Exercise instructions: Leaving out all images, return the entries below exactly.
Data to examine Start Marker
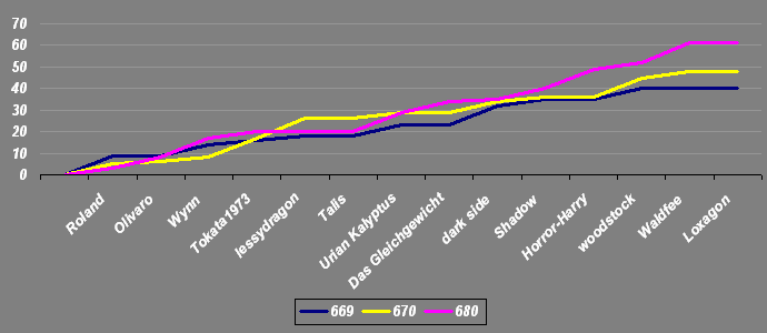 Bitte gebt wieder eure 5 Favoriten an, wobei Platz 1 die meisten Punkte und Platz 5 die wenigsten Punkte bekommt (Nach dem System 9-5-3-2-1).
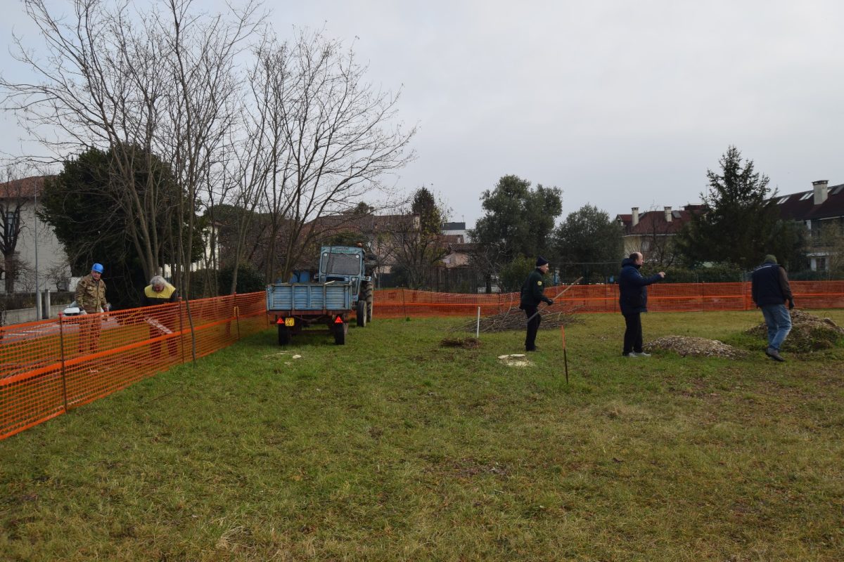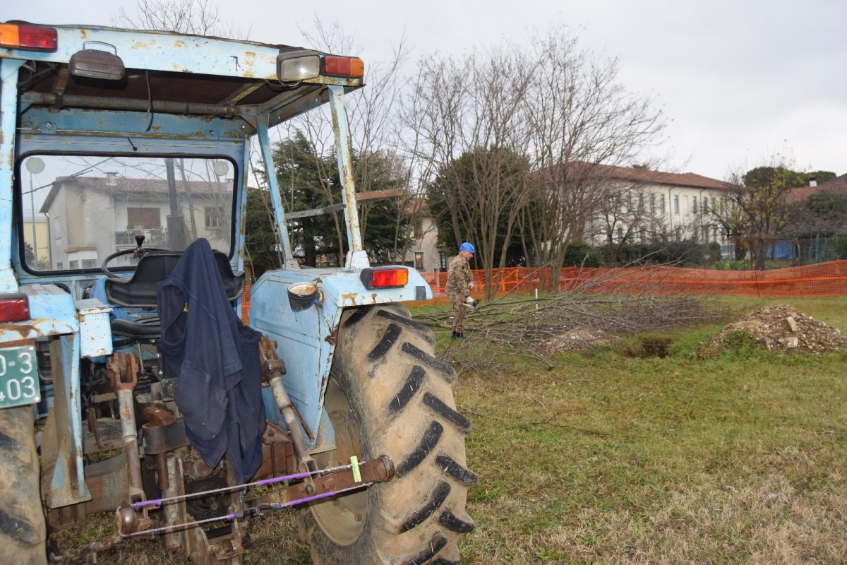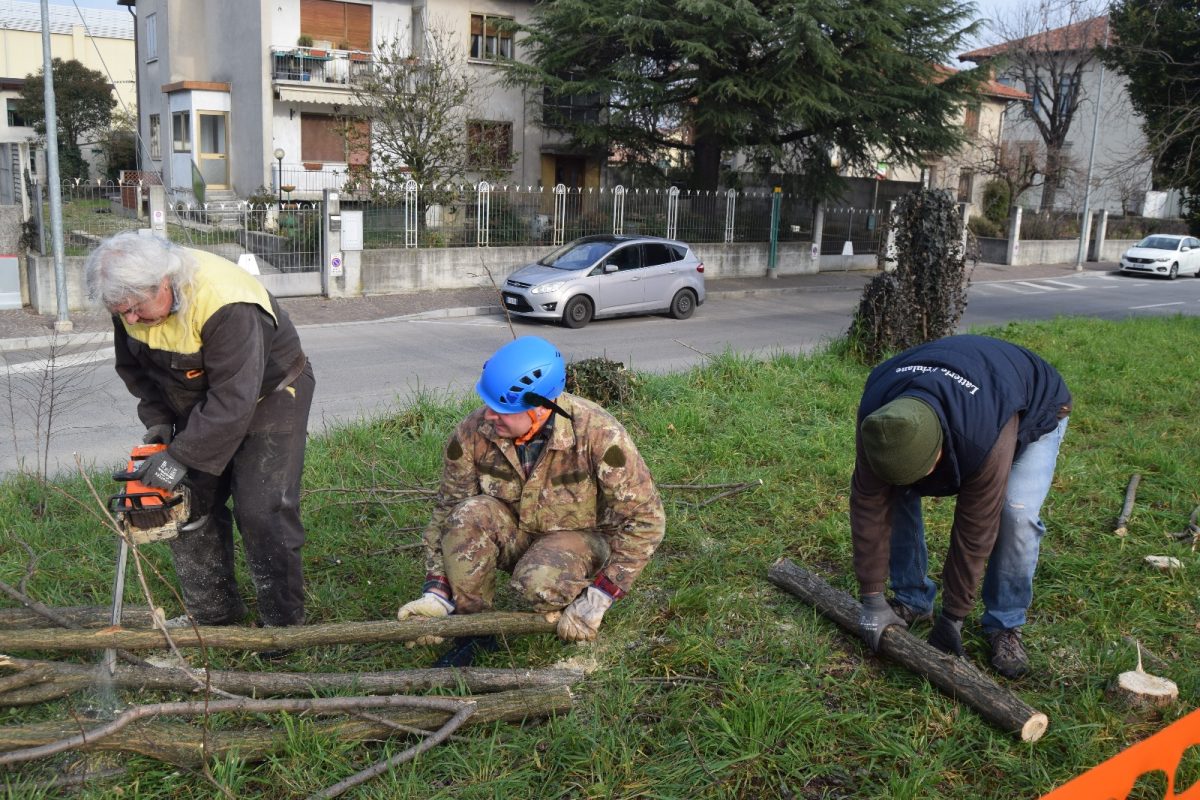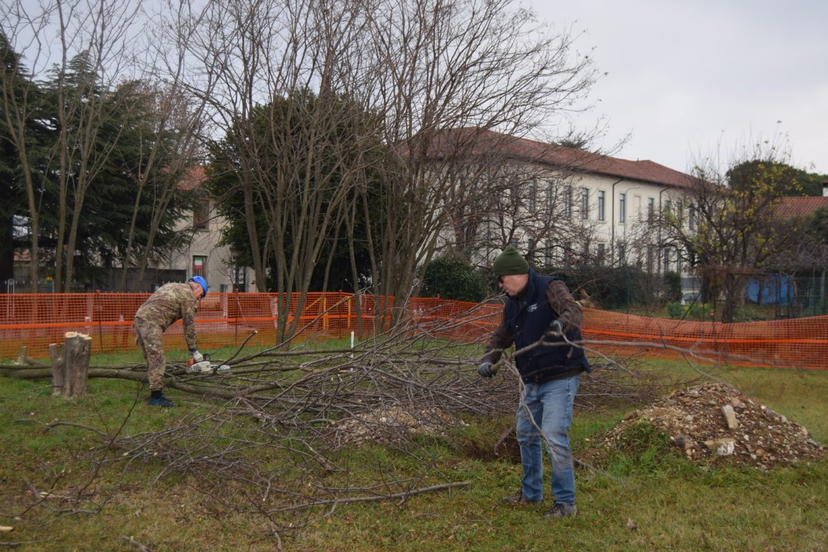 Dopo aver partecipato con successo la sera precedente alla trasmissione televisiva “sul cappello che noi portiamo” su Telefriuli 5 volontari hanno ripulito il terreno dagli alberi che avrebbero intralciato l’edificazione della nuova sede del gruppo.
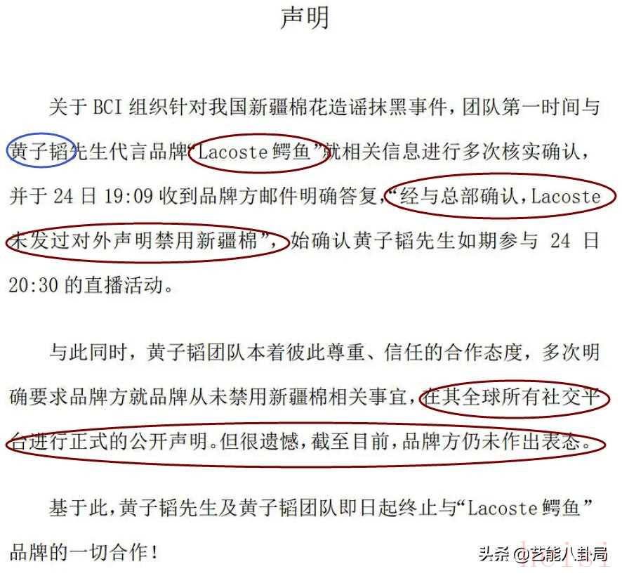 黄子韬,解约Lacoste鳄鱼。
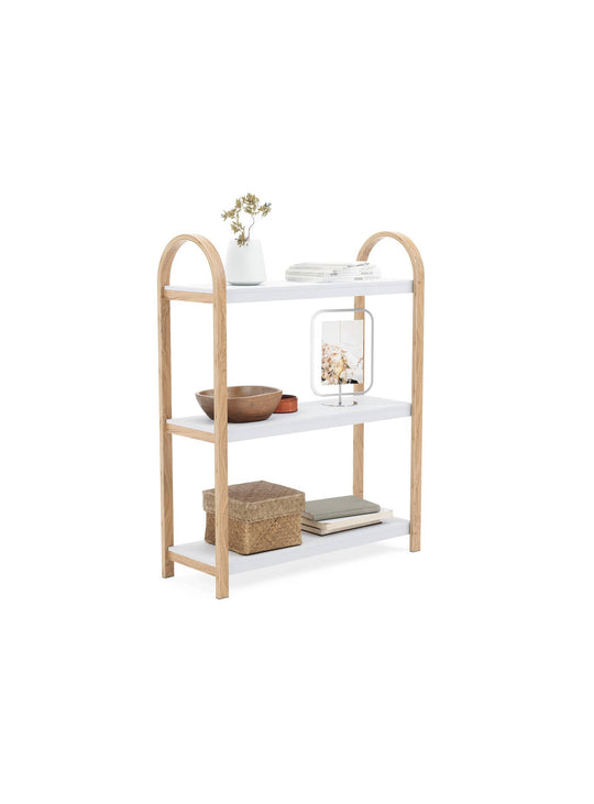 The Umbra Bellwood Freestanding Shelf combines sleek design and functionality to provide a modern, versatile storage solution. Its refined aesthetic, featuring real wood accents and clean lines, allows it to blend seamlessly into a variety of spaces while showcasing your decorative items, books, plants, or everyday accessories.
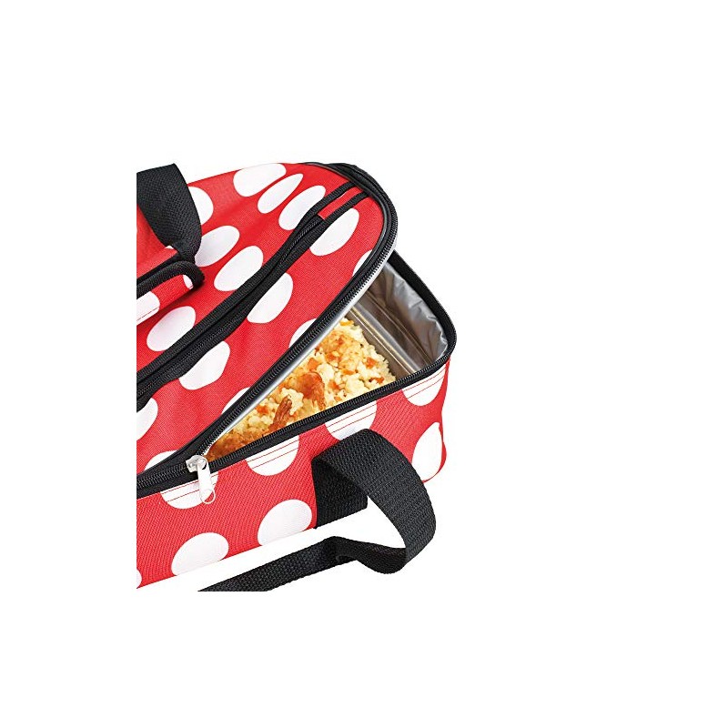 Palais Dinnerware Insulated Casserole Carrier - With Zip Closure - Attractive Design, with Strap and Side Pocket (White Dots on Red)
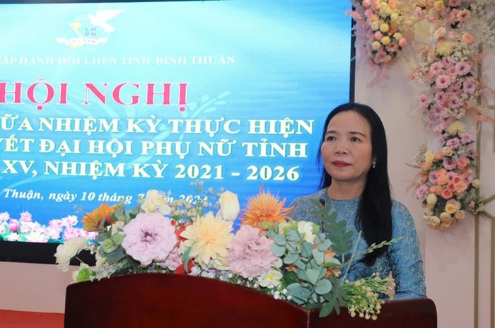 Một số kết quả nổi bật qua nửa kỳ thực hiện Nghị quyết như: 124/124 cơ sở Hội duy trì thường xuyên và nhân rộng 5 loại hình hoạt động; vận động, hỗ trợ giúp 746 hộ thoát nghèo, cận nghèo (đạt 124% chỉ tiêu TW giao); hỗ trợ nâng cao năng lực cho 472 phụ nữ có ý tưởng khởi nghiệp, kinh doanh, chủ cơ sở sản xuất, quản lý hợp tác xã (đạt 205% chỉ tiêu TW giao); thực hiện 584 công trình, phần việc xây dựng nông thôn mới, tổng trị giá 11,54 tỷ đồng và giúp gần 3.000 hộ đạt tiêu chí “Gia đình 5 không, 3 sạch”. Đặc biệt, thực hiện khâu đột phá của nhiệm kỳ về Tăng cường ứng dụng công nghệ thông tin trong hoạt động Hội và chủ đề năm 2024, Ban Thường vụ Hội LHPN tỉnh xây dựng và đề xuất thành công Đề án “Nâng cao năng lực ứng dụng công nghệ thông tin, chuyển đổi số trong hệ thống Hội LHPN tỉnh Bình Thuận giai đoạn 2023 - 2026”. Ngoài ra, công tác bình đẳng giới vì sự tiến bộ của phụ nữ được quan tâm, các cấp Hội đã phát hiện và phối hợp hỗ trợ 98 trường hợp phụ nữ, trẻ em là nạn nhân của bạo lực gia đình, bị xâm hại, bị bỏ rơi được tiếp cận các dịch vụ trợ giúp xã hội,…
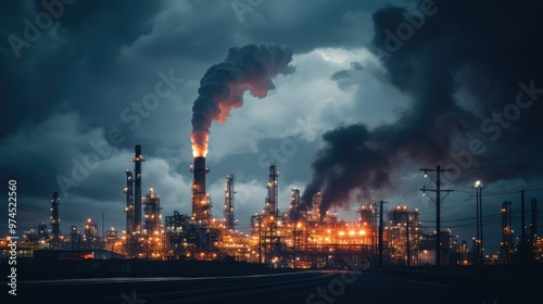 smoke, chemical, plant, night, illustration, smokestack, plume, backlit, light, dramatic, ominous, industrial, factory, pollution, emission, atmosphere, glow, darkness, silhouette, infrastructure, machinery, production, refinery, hazard, environment, safety, toxic, fume, illumination, shadow, skyline
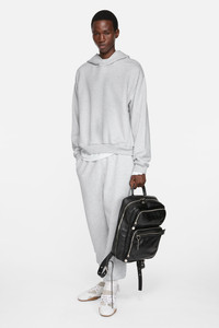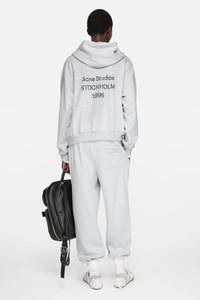 Hooded sweater is cut to a relaxed unisex fit with dropped shoulders and below-hip length. Detailed with an Acne Studios logo stamp print at the back, crafted from a fleece cotton blend with a vintage sprayed effect. - Relaxed unisex fit - Dropped shoulders - Below hip length - Hooded - Sprayed finish - Logo at the back Acne Studios 1996 - Distressed details at the cuffs and hem - Female model is 176 cm / 5′10 and wears a size XS - Male model is 188.5 cm / 6′2 and wears a size M - Style ID: FN-UX-SWEA000023 - Made with organically grown cotton and recycled polyester. - Shell: 89% Organic cotton, 11% Recycled polyester
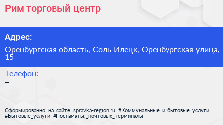 Рим, торговый центр по адресу Оренбургская область, Соль-Илецк, Оренбургская улица, 15 в дальнейшем Организация, размещена в следующих категориях:
Data to examine End Marker
Written answer:
 Bitte gebt wieder eure 5 Favoriten an, wobei Platz 1 die meisten Punkte und Platz 5 die wenigsten Punkte bekommt (Nach dem System 9-5-3-2-1).
 Dopo aver partecipato con successo la sera precedente alla trasmissione televisiva “sul cappello che noi portiamo” su Telefriuli 5 volontari hanno ripulito il terreno dagli alberi che avrebbero intralciato l’edificazione della nuova sede del gruppo.
 黄子韬,解约Lacoste鳄鱼。
 The Umbra Bellwood Freestanding Shelf combines sleek design and functionality to provide a modern, versatile storage solution. Its refined aesthetic, featuring real wood accents and clean lines, allows it to blend seamlessly into a variety of spaces while showcasing your decorative items, books, plants, or everyday accessories.
 Palais Dinnerware Insulated Casserole Carrier - With Zip Closure - Attractive Design, with Strap and Side Pocket (White Dots on Red)
 Một số kết quả nổi bật qua nửa kỳ thực hiện Nghị quyết như: 124/124 cơ sở Hội duy trì thường xuyên và nhân rộng 5 loại hình hoạt động; vận động, hỗ trợ giúp 746 hộ thoát nghèo, cận nghèo (đạt 124% chỉ tiêu TW giao); hỗ trợ nâng cao năng lực cho 472 phụ nữ có ý tưởng khởi nghiệp, kinh doanh, chủ cơ sở sản xuất, quản lý hợp tác xã (đạt 205% chỉ tiêu TW giao); thực hiện 584 công trình, phần việc xây dựng nông thôn mới, tổng trị giá 11,54 tỷ đồng và giúp gần 3.000 hộ đạt tiêu chí “Gia đình 5 không, 3 sạch”. Đặc biệt, thực hiện khâu đột phá của nhiệm kỳ về Tăng cường ứng dụng công nghệ thông tin trong hoạt động Hội và chủ đề năm 2024, Ban Thường vụ Hội LHPN tỉnh xây dựng và đề xuất thành công Đề án “Nâng cao năng lực ứng dụng công nghệ thông tin, chuyển đổi số trong hệ thống Hội LHPN tỉnh Bình Thuận giai đoạn 2023 - 2026”. Ngoài ra, công tác bình đẳng giới vì sự tiến bộ của phụ nữ được quan tâm, các cấp Hội đã phát hiện và phối hợp hỗ trợ 98 trường hợp phụ nữ, trẻ em là nạn nhân của bạo lực gia đình, bị xâm hại, bị bỏ rơi được tiếp cận các dịch vụ trợ giúp xã hội,…
 smoke, chemical, plant, night, illustration, smokestack, plume, backlit, light, dramatic, ominous, industrial, factory, pollution, emission, atmosphere, glow, darkness, silhouette, infrastructure, machinery, production, refinery, hazard, environment, safety, toxic, fume, illumination, shadow, skyline
 Hooded sweater is cut to a relaxed unisex fit with dropped shoulders and below-hip length. Detailed with an Acne Studios logo stamp print at the back, crafted from a fleece cotton blend with a vintage sprayed effect. - Relaxed unisex fit - Dropped shoulders - Below hip length - Hooded - Sprayed finish - Logo at the back Acne Studios 1996 - Distressed details at the cuffs and hem - Female model is 176 cm / 5′10 and wears a size XS - Male model is 188.5 cm / 6′2 and wears a size M - Style ID: FN-UX-SWEA000023 - Made with organically grown cotton and recycled polyester. - Shell: 89% Organic cotton, 11% Recycled polyester
 Рим, торговый центр по адресу Оренбургская область, Соль-Илецк, Оренбургская улица, 15 в дальнейшем Организация, размещена в следующих категориях:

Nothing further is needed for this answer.